-- Material supplied follows --
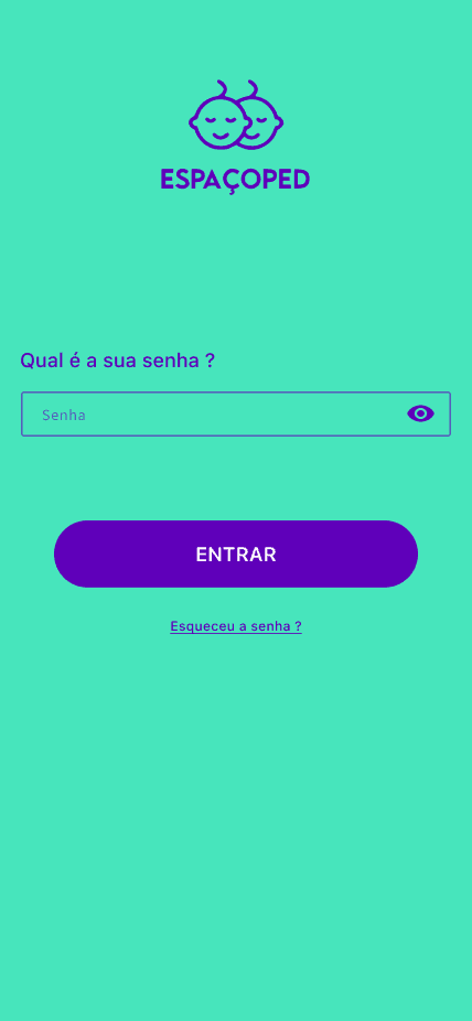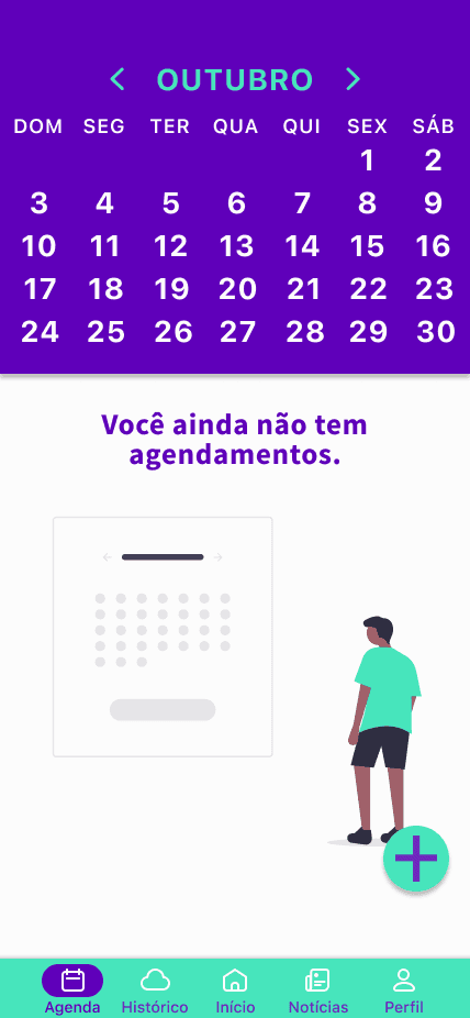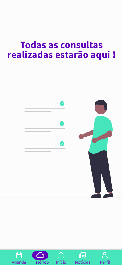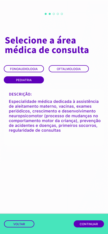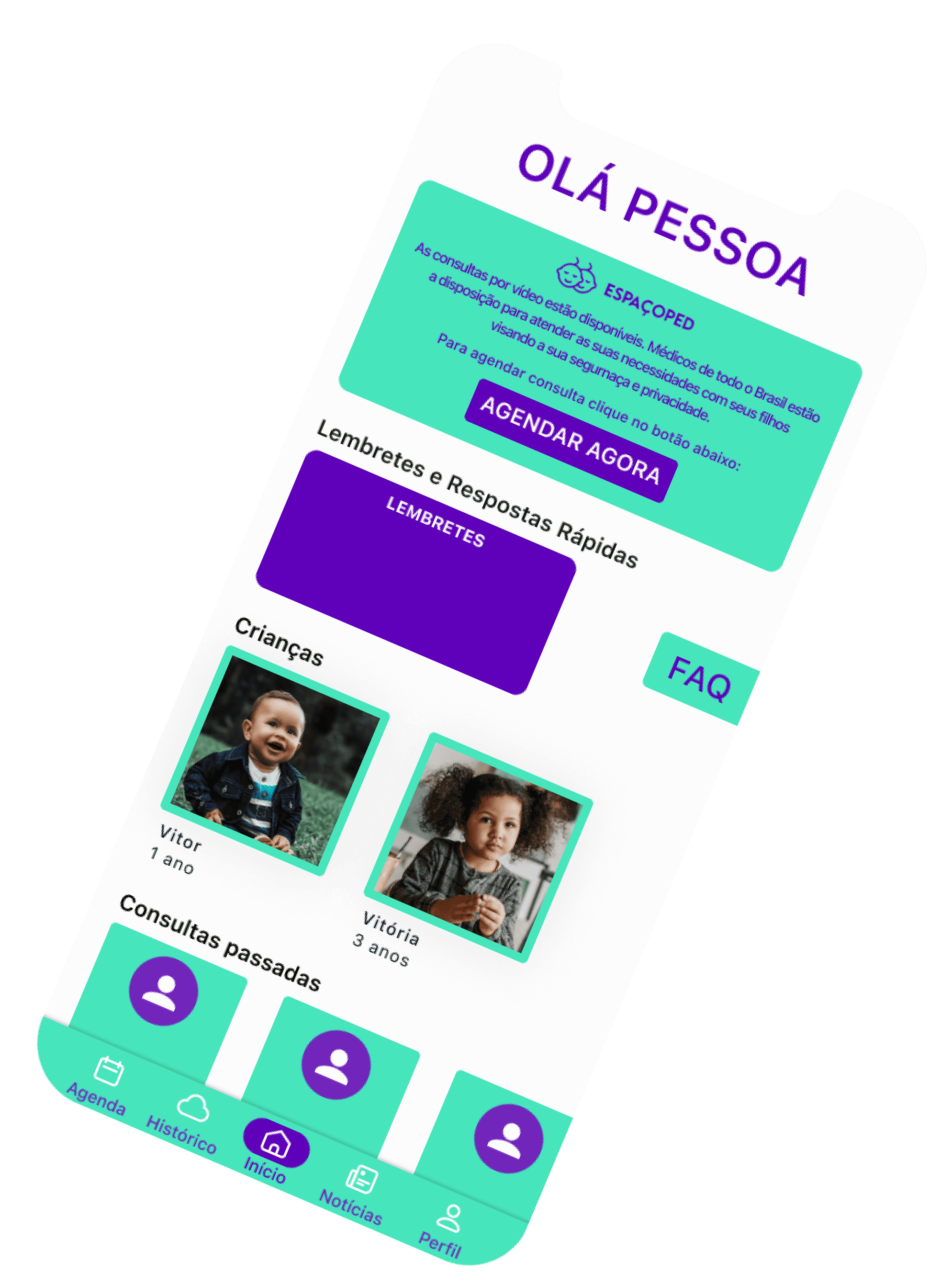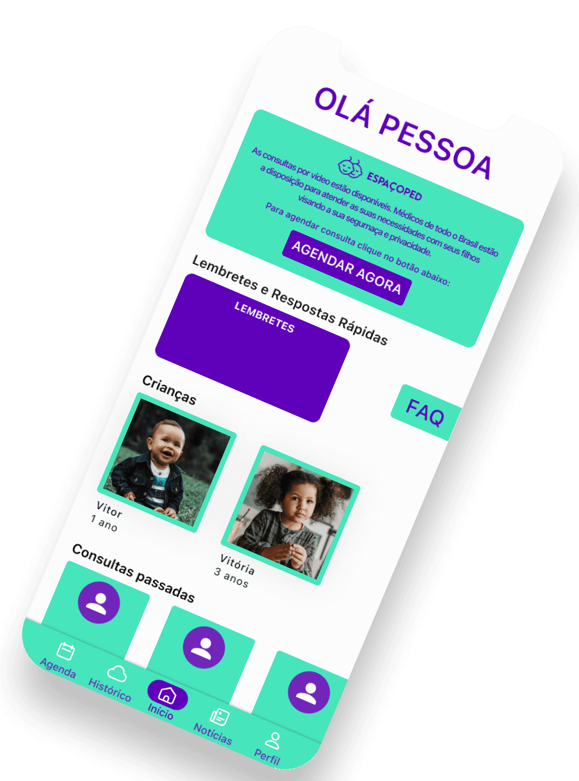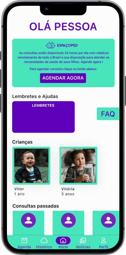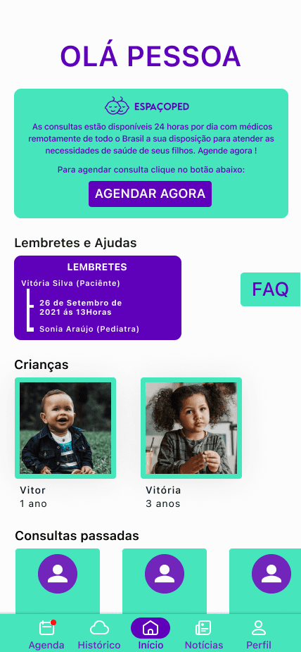 A home foi projetada com a ideia de ter tudo ao alcance do usuário. Logo de cara a tela inicial já oferece o botão de agendar consulta, área de lembretes, crianças cadastradas em sua conta, consultas anteriores e FAQ médico.
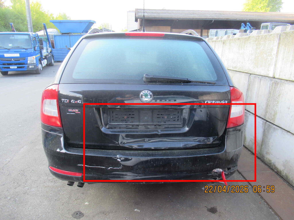 Frontschaden: Stossfänger, Scheinwerfer, Kotflügel, Motorhaube, Kühler und weitere Anbauteile vorne Heckschaden: Stossfänger, Heckklappe, Heckend, Seitenwand rechts und weitere Anbauteile hinten Motor Getriebe Vorderachse Hinterachse Airbags ausgelöst: 0 unbekannt ( Abfallcode 16.01.04ak )
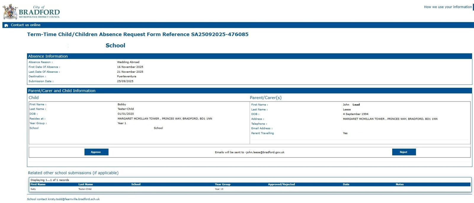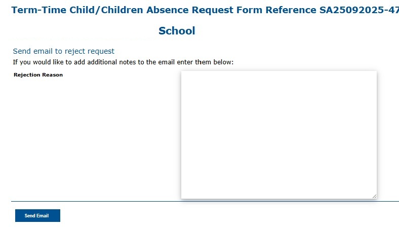 form will be sent back to the parent, as well as being automatically forwarded on to each school for their consideration. Schools can then decide whether to approve or reject the request, which triggers an email to the parent letting them know the outcome,
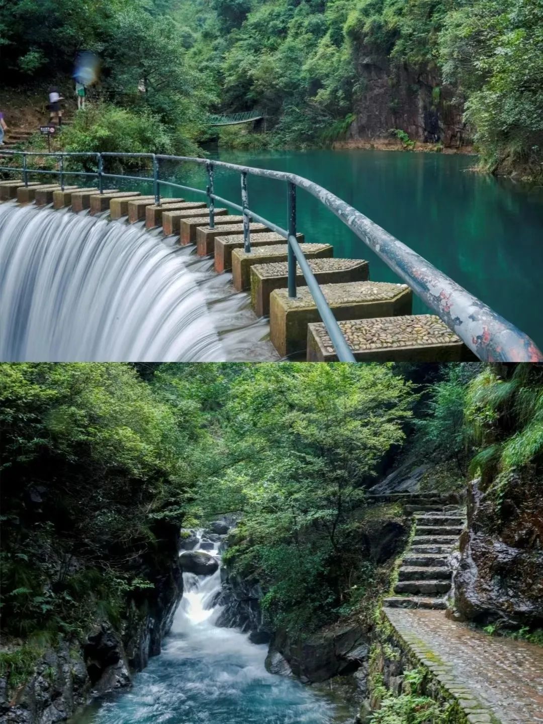 怪石,峡谷,瀑布,溪涧,潺潺流淌的水,汇聚成一方方碧绿剔透的果冻湖,美得让人心颤。
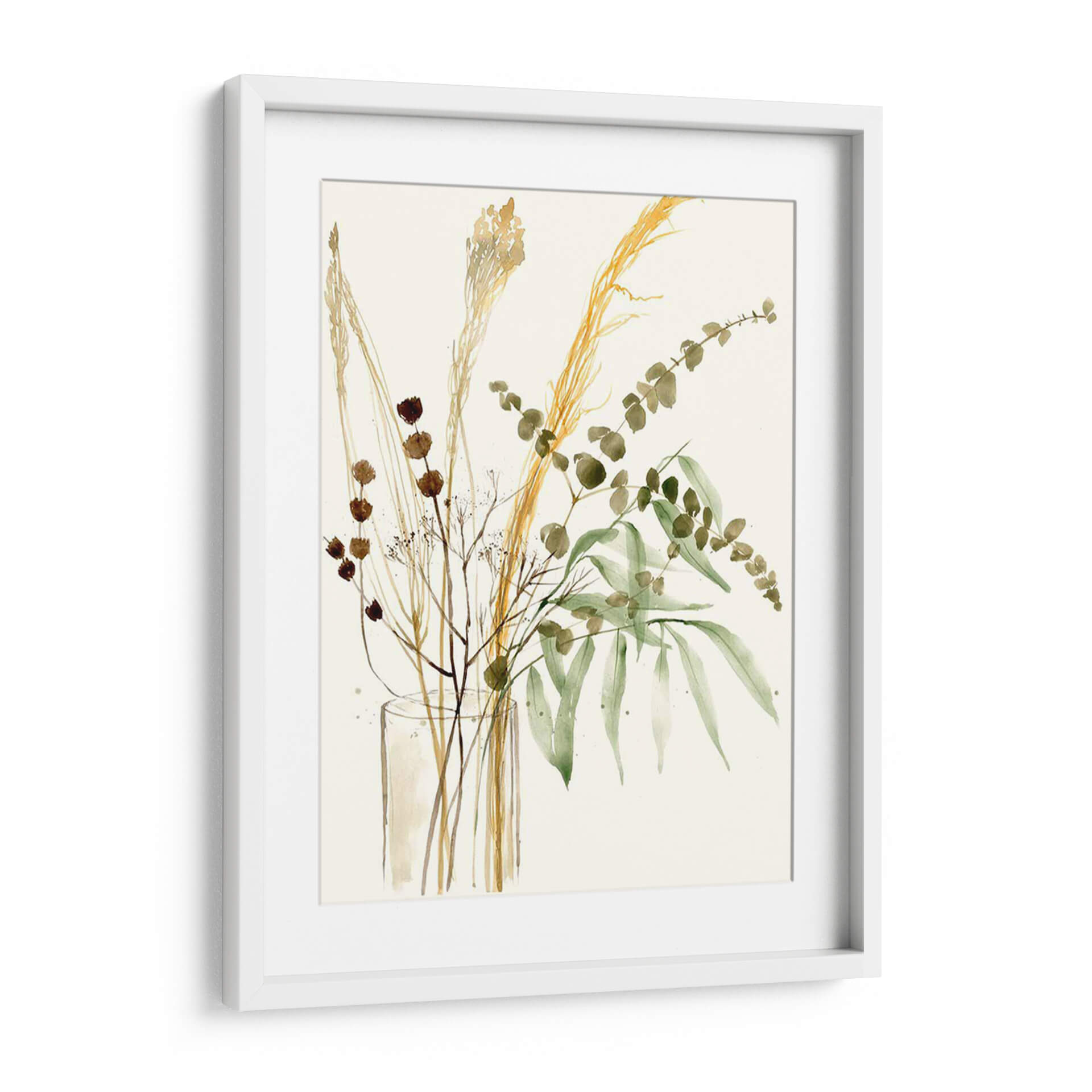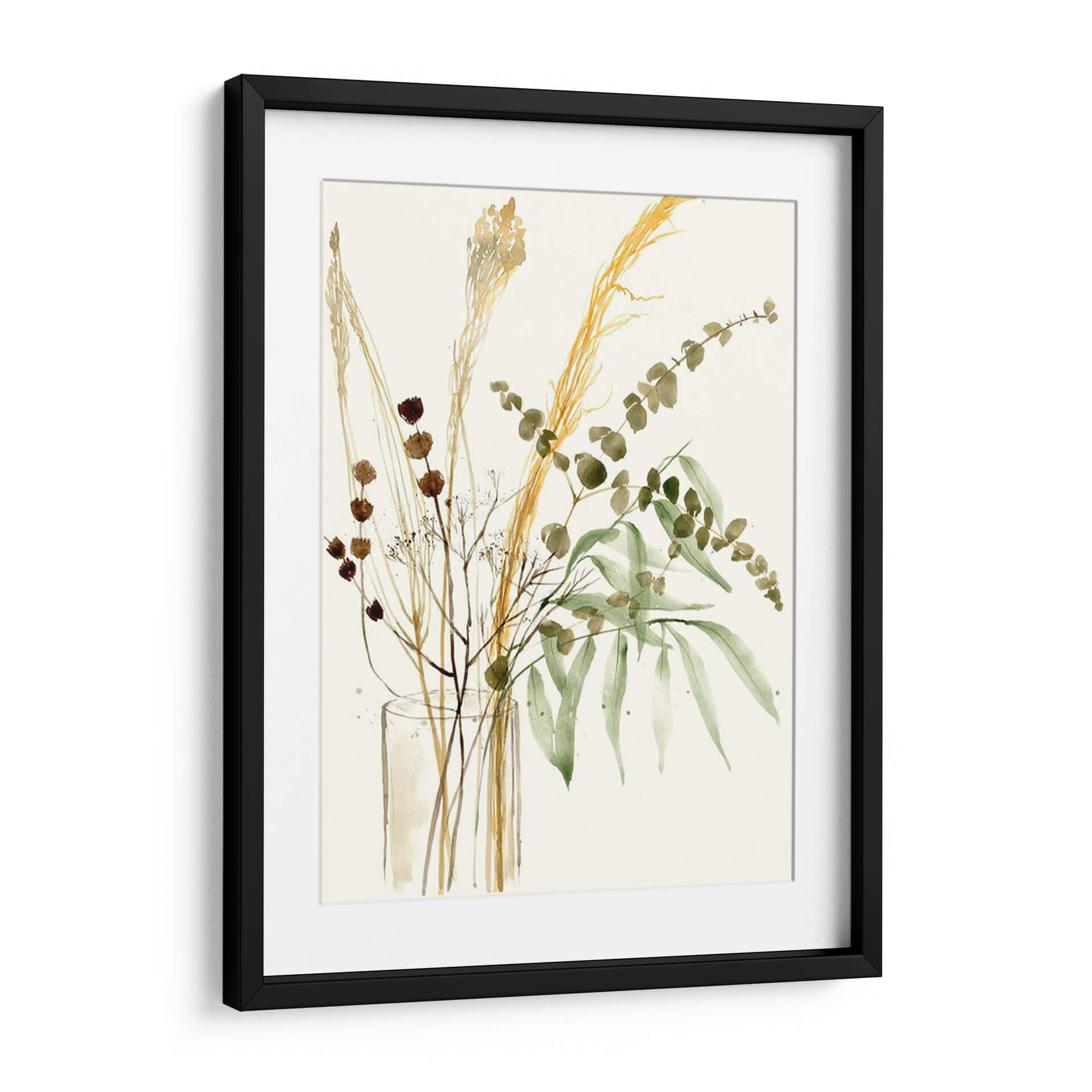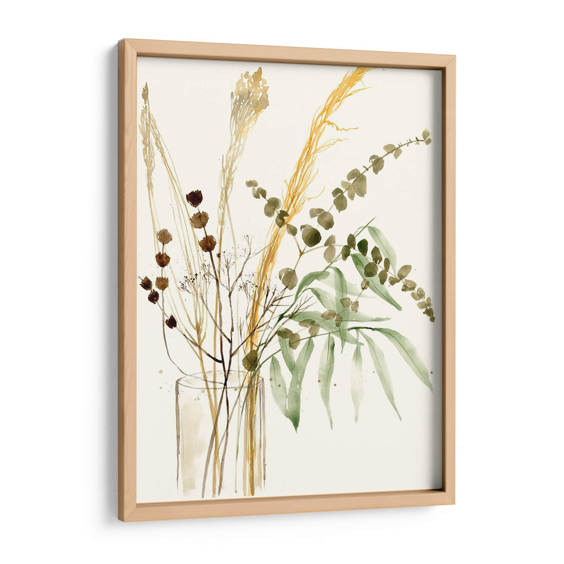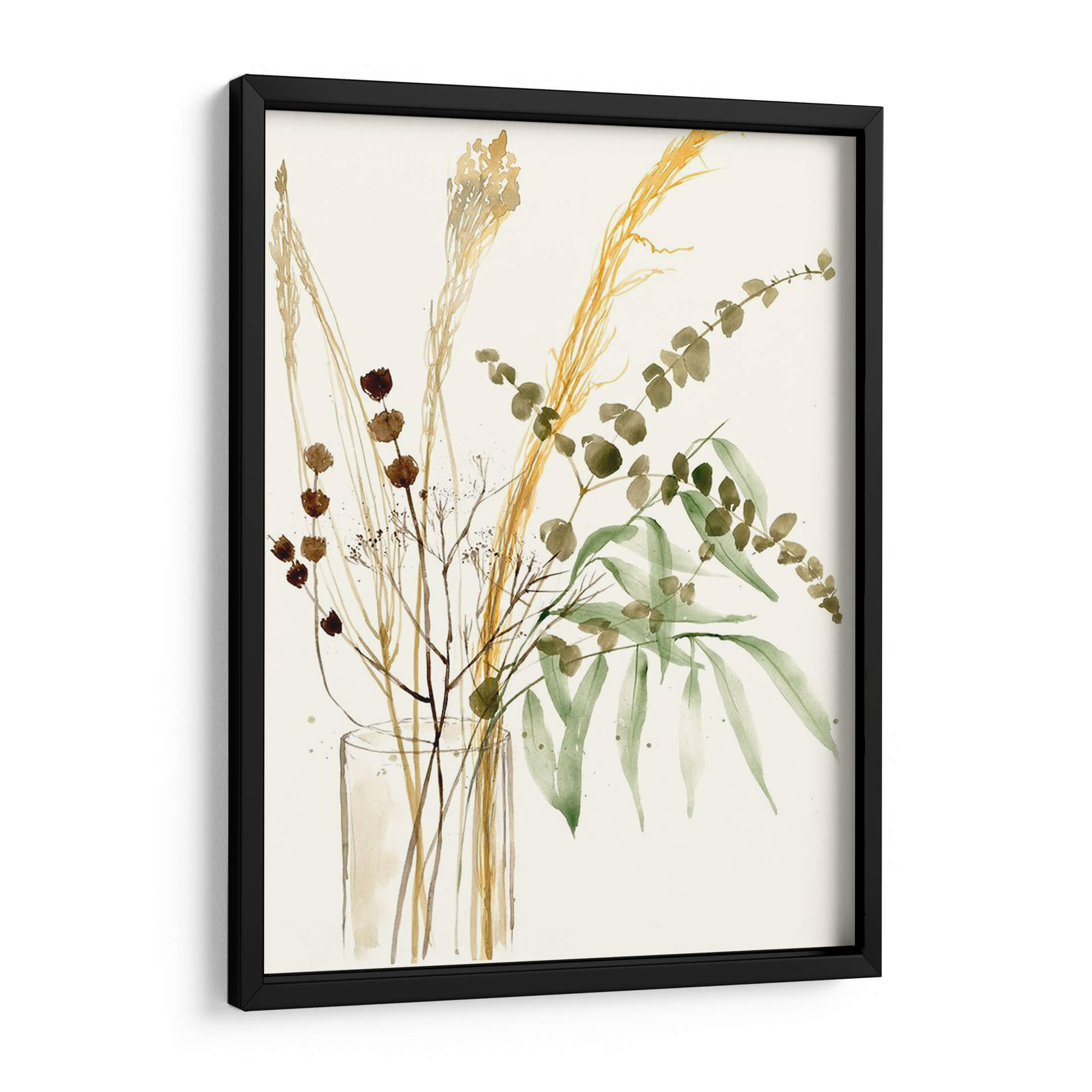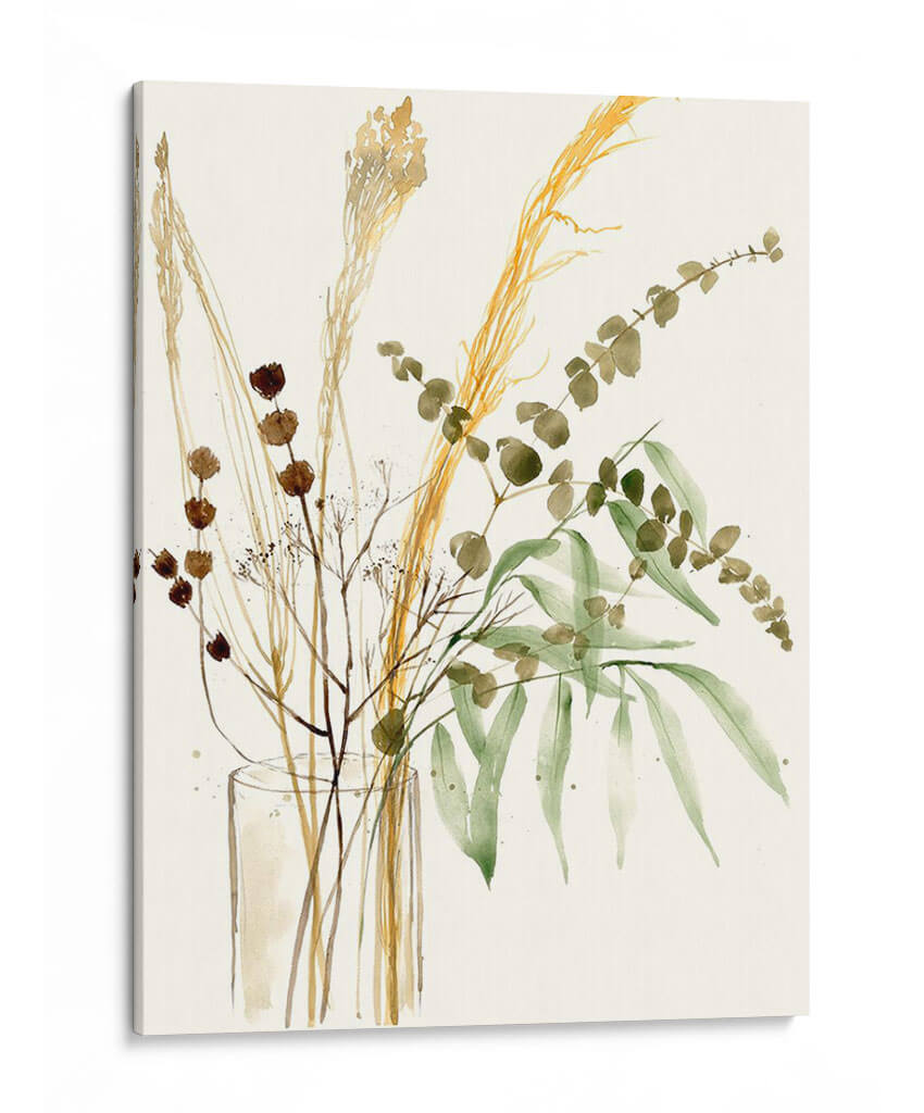 Captura la esencia de la naturaleza serena con "Composición En Jarrón Ii", una obra de arte digital que celebra la belleza sutil de la flora seca y las hojas verdes. Este cuadro decorativo presenta un delicado arreglo floral en tonos tierra y verdes suaves, con elementos como espigas doradas, ramas finas con pequeñas flores marrones y delicadas hojas de eucalipto. La técnica acuarela, ejecutada con maestría, evoca una sensación de ligereza y movimiento, como si las plantas danzaran suavemente en su jarrón transparente. La paleta de colores, dominada por ocres, marrones, verdes musgo y un fondo neutro y luminoso, crea una atmósfera de calma, sofisticación y conexión con lo orgánico. Ideal para espacios que buscan un toque de elegancia natural, como salones, dormitorios o estudios, este cuadro moderno es perfecto para añadir serenidad y un punto focal artístico sin abrumar. Su composición vertical y el estilo contemporáneo lo convierten en una pieza versátil que complementa una amplia gama de decoraciones, desde las más minimalistas hasta las rústicas chic. Añade esta pieza inspirada en la botánica a tu hogar y siente la tranquilidad y el encanto del mundo natural.
-- Material supplied concluded --
# Problem requirements
Retype the data above as given, letting no picture into the copy.

# Answer
 A home foi projetada com a ideia de ter tudo ao alcance do usuário. Logo de cara a tela inicial já oferece o botão de agendar consulta, área de lembretes, crianças cadastradas em sua conta, consultas anteriores e FAQ médico.
 Frontschaden: Stossfänger, Scheinwerfer, Kotflügel, Motorhaube, Kühler und weitere Anbauteile vorne Heckschaden: Stossfänger, Heckklappe, Heckend, Seitenwand rechts und weitere Anbauteile hinten Motor Getriebe Vorderachse Hinterachse Airbags ausgelöst: 0 unbekannt ( Abfallcode 16.01.04ak )
 form will be sent back to the parent, as well as being automatically forwarded on to each school for their consideration. Schools can then decide whether to approve or reject the request, which triggers an email to the parent letting them know the outcome,
 怪石,峡谷,瀑布,溪涧,潺潺流淌的水,汇聚成一方方碧绿剔透的果冻湖,美得让人心颤。
 Captura la esencia de la naturaleza serena con "Composición En Jarrón Ii", una obra de arte digital que celebra la belleza sutil de la flora seca y las hojas verdes. Este cuadro decorativo presenta un delicado arreglo floral en tonos tierra y verdes suaves, con elementos como espigas doradas, ramas finas con pequeñas flores marrones y delicadas hojas de eucalipto. La técnica acuarela, ejecutada con maestría, evoca una sensación de ligereza y movimiento, como si las plantas danzaran suavemente en su jarrón transparente. La paleta de colores, dominada por ocres, marrones, verdes musgo y un fondo neutro y luminoso, crea una atmósfera de calma, sofisticación y conexión con lo orgánico. Ideal para espacios que buscan un toque de elegancia natural, como salones, dormitorios o estudios, este cuadro moderno es perfecto para añadir serenidad y un punto focal artístico sin abrumar. Su composición vertical y el estilo contemporáneo lo convierten en una pieza versátil que complementa una amplia gama de decoraciones, desde las más minimalistas hasta las rústicas chic. Añade esta pieza inspirada en la botánica a tu hogar y siente la tranquilidad y el encanto del mundo natural.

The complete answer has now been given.